The F278 Fazioli piano was the only one of its kind with four pedals. Hewitt kept it at her home in Italy and travelled throughout Europe with it for her concerts.
The 61-year-old says she been recording music and playing concerts with her precious piano since 2003, and she’s absolutely crushed to lose it.
“I adore this piano,” she wrote. “It was my best friend, best companion.
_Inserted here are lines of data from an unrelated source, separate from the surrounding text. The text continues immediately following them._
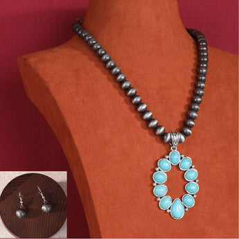 Navajo Beaded Necklace with Howlite Turquoise Stone Pendant Earrings Set
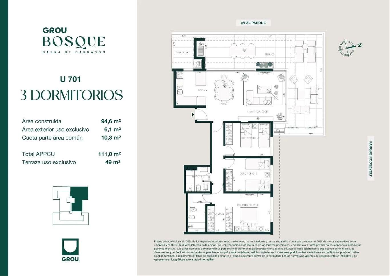 Grou Bosque apartamento 3 dormitorios 2 baños amenities
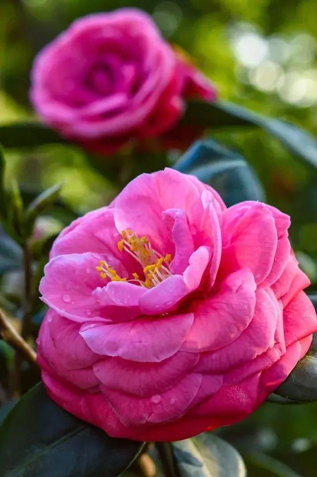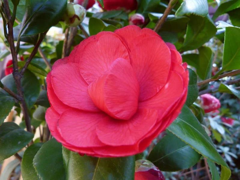 常绿阔叶灌木、小乔木或乔木,品种极多,花单瓣或重瓣,色彩鲜艳,有白色、粉色、红色、紫色、黄色等,花期从11月份到翌年4月份。山茶花是我国传统观赏花卉,“十大名花”中排行第七,亦是世界名贵花木之一。
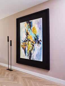 Door de brede zwarte omlijsting springen de kleuren er nog beter uit. En de zwarte lijst biedt verbinding met andere zwarte elementen in de ruimte, zoals de stalen toegangsdeur (met getint glas) en de fronten van de keuken, die in een zwarte houtnerf zijn uitgevoerd. Opvallend in de keuken is verder het betonnen werkblad dat aan beide kanten doorloopt tot de vloer.
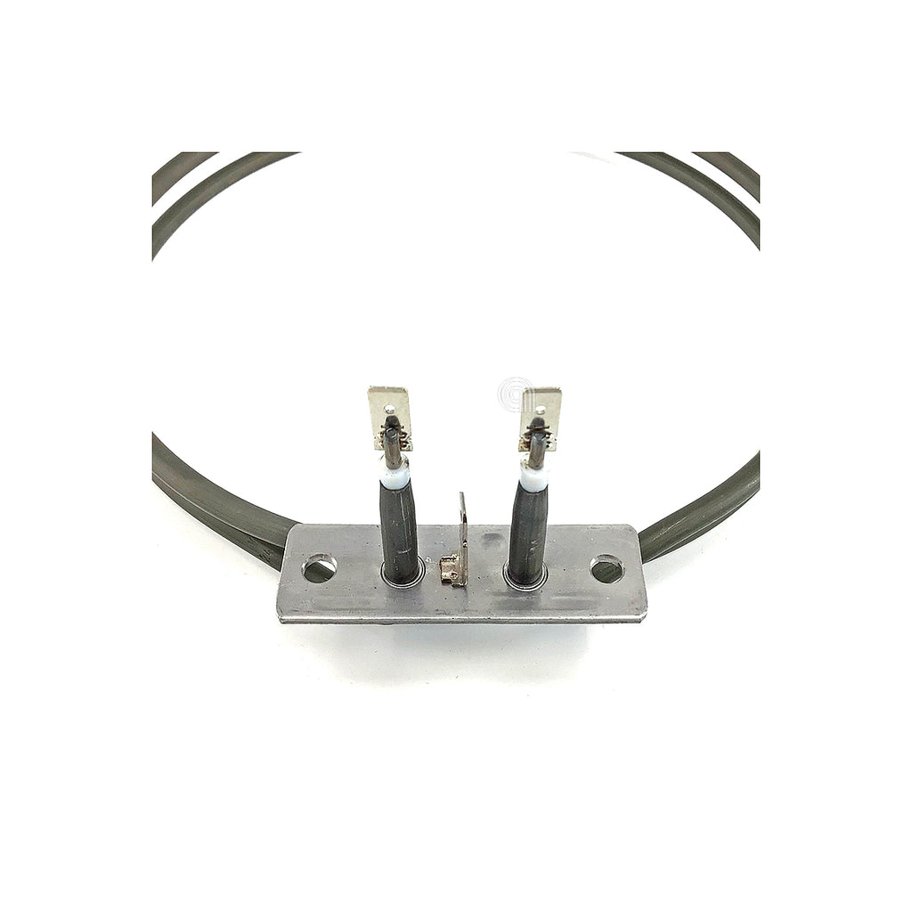 Recambio de resistencia circular adaptable para hornos de las marcas WHIRLPOOL, BAUKNECHT, e INDESIT. Esta resistencia de convección tiene una potencia de 2400W y es la fuente de calor trasera dentro del horno, ideal para una cocción uniforme. Es una pieza de repuesto fundamental para asegurar el correcto funcionamiento de su electrodoméstico.

I loved how it felt when I was recording — giving me the possibility to do anything I wanted.”
U.K.-based piano retailer Terence Lewis compared the incident to “losing a limb.”
“Every single piano is different and you grow with them and they change as they age and you develop together,” Lewis told The Guardian. “For a pianist at that level, a piano becomes an extension of your body and that’s why she dragged it around for her recordings.”
Lewis has provided several Faziolis for London-based concerts through his role as co-owner of Jaques Samuel Pianos in the U.K. He’s also very familiar with Hewitt’s customized piano.
“I practiced on it for three or four hours after it was made,” he said. Lewis added that piano designer Paolo Fazioli will probably never build another four-pedal piano like Hewitt’s again, “because it was such a pain in the arse.”
Hewitt is considered one of the world’s top Bach pianists. She learned to play in Ottawa and Toronto before launching her professional career and eventually moving to Italy.
She is a Companion of the Order of Canada and was awarded the governor general’s Lifetime Artistic Achievement Award in classical music in 2018.
Hewitt told her fans that she won’t have the piano for future performances or recordings. Her last piece of music with it will be a CD of Beethoven variations, which she hopes to release in November.
The pianist says she doesn’t want to make any further comment on the loss of her piano. She’s also waiting for insurance to address the accident.
She says she has just one wish: that her piano “will be happy in piano heaven.”